| EXERCISE AIM |
Return nothing but the lines from the one with "132s., sivua 87/88" through the one with "完成安装后,可 切换到设备查看平台 ,在顶部导航栏 全部应用 中找到对应的应用。" in the data below, word for word and without pictures.

| INFORMATION SHOWN |
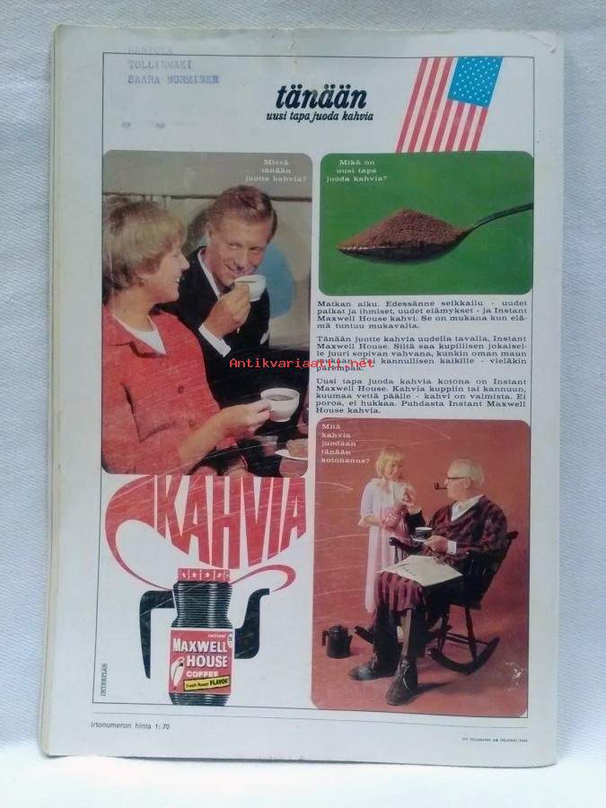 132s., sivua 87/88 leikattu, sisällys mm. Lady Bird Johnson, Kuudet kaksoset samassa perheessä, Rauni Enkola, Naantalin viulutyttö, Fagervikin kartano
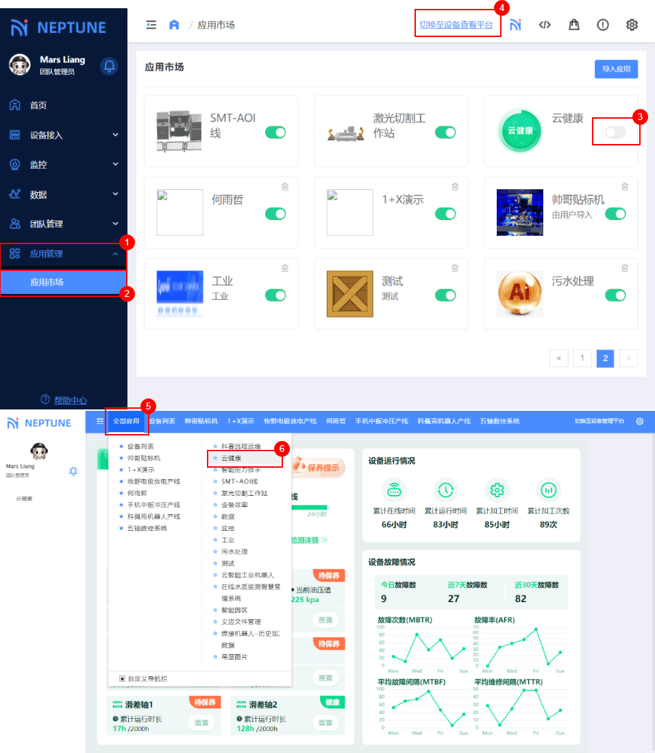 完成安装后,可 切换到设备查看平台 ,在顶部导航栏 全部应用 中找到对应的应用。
...
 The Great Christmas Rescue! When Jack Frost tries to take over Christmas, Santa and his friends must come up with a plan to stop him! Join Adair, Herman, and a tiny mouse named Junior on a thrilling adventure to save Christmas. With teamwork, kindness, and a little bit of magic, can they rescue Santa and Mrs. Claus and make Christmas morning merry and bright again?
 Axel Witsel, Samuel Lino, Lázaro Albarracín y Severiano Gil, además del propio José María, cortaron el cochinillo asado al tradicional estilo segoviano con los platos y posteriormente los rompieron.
* * *
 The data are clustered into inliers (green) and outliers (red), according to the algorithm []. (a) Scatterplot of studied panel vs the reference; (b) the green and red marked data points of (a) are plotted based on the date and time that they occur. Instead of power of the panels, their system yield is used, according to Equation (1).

| SOLVED EXERCISE |
 132s., sivua 87/88 leikattu, sisällys mm. Lady Bird Johnson, Kuudet kaksoset samassa perheessä, Rauni Enkola, Naantalin viulutyttö, Fagervikin kartano
 完成安装后,可 切换到设备查看平台 ,在顶部导航栏 全部应用 中找到对应的应用。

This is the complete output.